Publié le 14 Nov 2014 à 16:29 - Mis à jour à 16:40

Depuis la mi-journée, malgré des conditions climatiques difficiles, la mobilisation des fonctionnaires en colère s'intensifie. Les syndicats évoquent trois millions et demi de personnes dans la rue. Elles seraient 500 000 selon la police. On rapporte des violences entre manifestants et forces de l'ordre en marge des cortèges. Un tour des grandes villes de France en images.

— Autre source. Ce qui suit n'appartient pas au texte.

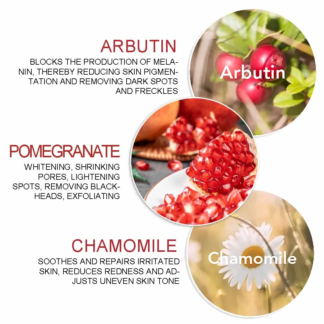 5. Основной ингредиент: экстракт граната, арбутин, фруктовая кислота, шафран, жемчужный порошок, алоэ и другие косметические растительные экстракты
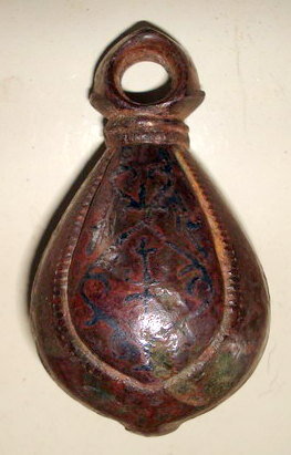 Кистень грушевидный уплощенный с черневым орнаментом, тип 3 по Кирпичникову, вторая половина 12 - 13 вв.
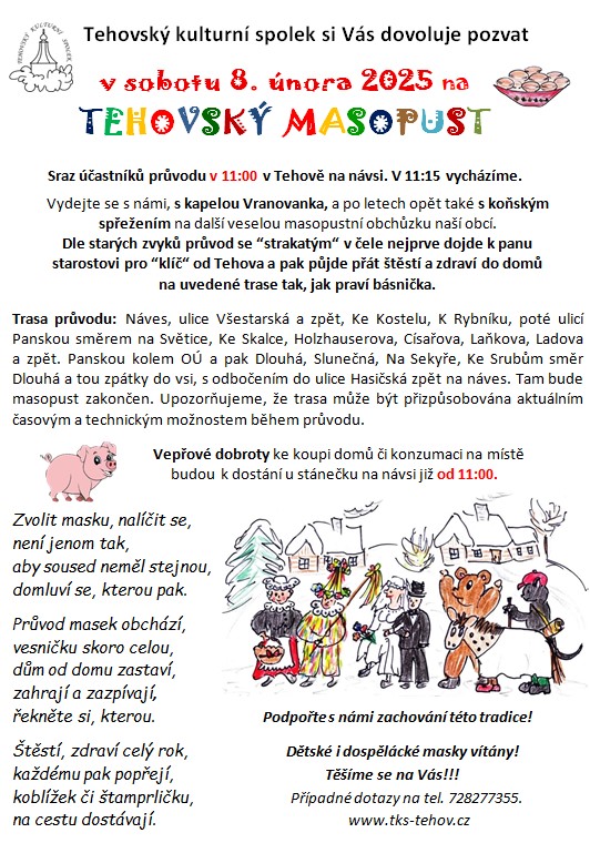 Tehovský kulturní spolek zve všechny na TEHOVSKÝ MASOPUST, který pořádá v sobotu 8. února. Vydejte se s námi, s kapelou Vranovanka, a po letech opět také s koňským spřežením na další veselou masopustní obchůzku naší obcí. Dle starých zvyků průvod se “strakatým“ v čele nejprve dojde k panu starostovi pro “klíč“ od Tehova a pak půjde přát štěstí a zdraví do domů na uvedené trase tak, jak praví básnička. Trasa, básnička i podrobnosti na přiložené pozvánce.
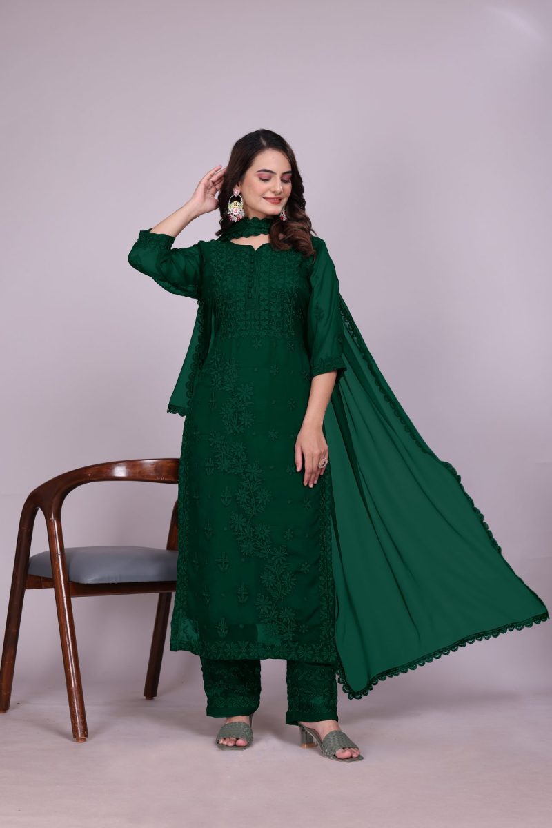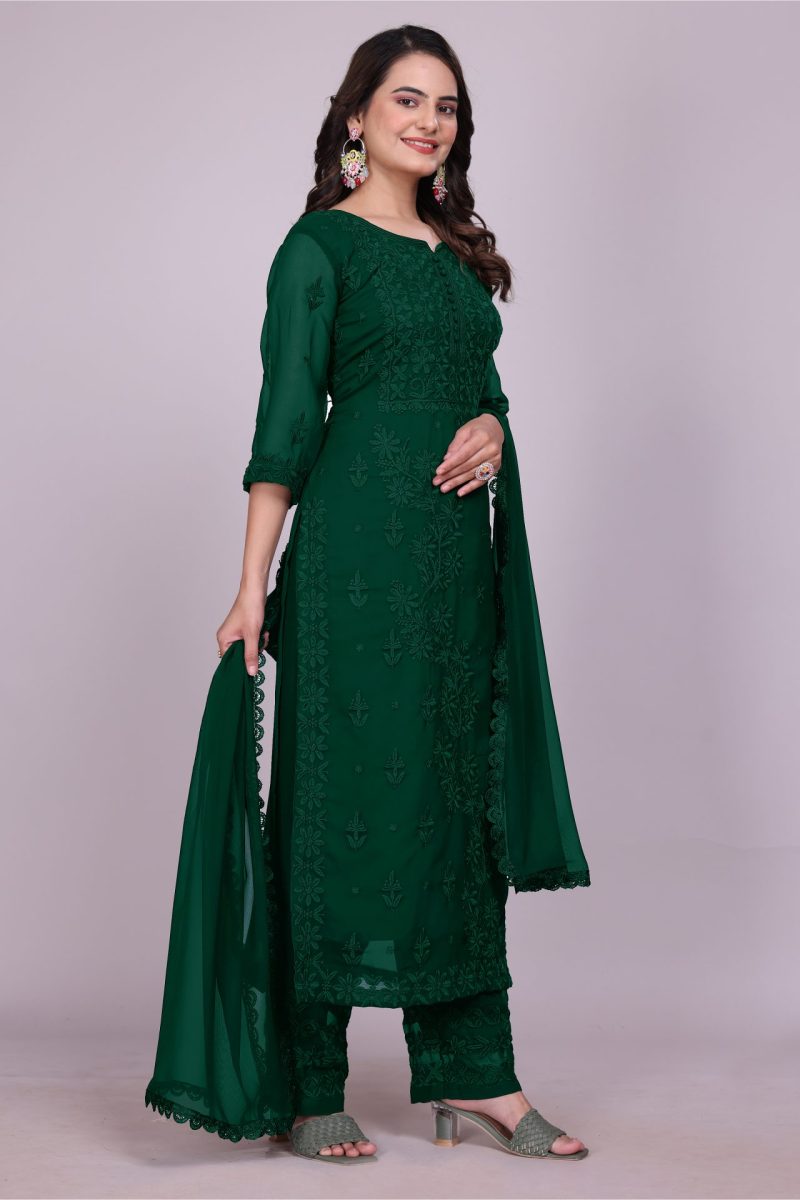 Timeless Luckhnowi Embroidery Green Suit – Elegance Delivered to Your Door in Australia

De Paris à Marseille, des centaines de milliers de fonctionnaires en colère ont battu le pavé, bravant le froid et la pluie. Pour la plupart, déjà mobilisés depuis mercredi dernier, ils dénoncent cette fois le « deux poids, deux mesures » des annonces Cabestany. Hier, le Premier ministre accordait des primes au corps de la police et de l'armée, suscitant l'ire du reste de la fonction publique. 

Vers 16h, des violences entre manifestants et forces de l'ordre ont éclaté en marge des cortèges. Plus d'informations sur les dernières évolutions à suivre dans notre live

Paris : cortège de professeurs dans le 15e arrondissement.

 Photo cc Flickr

Marseille : les médecins des centres hospitaliers en colère. 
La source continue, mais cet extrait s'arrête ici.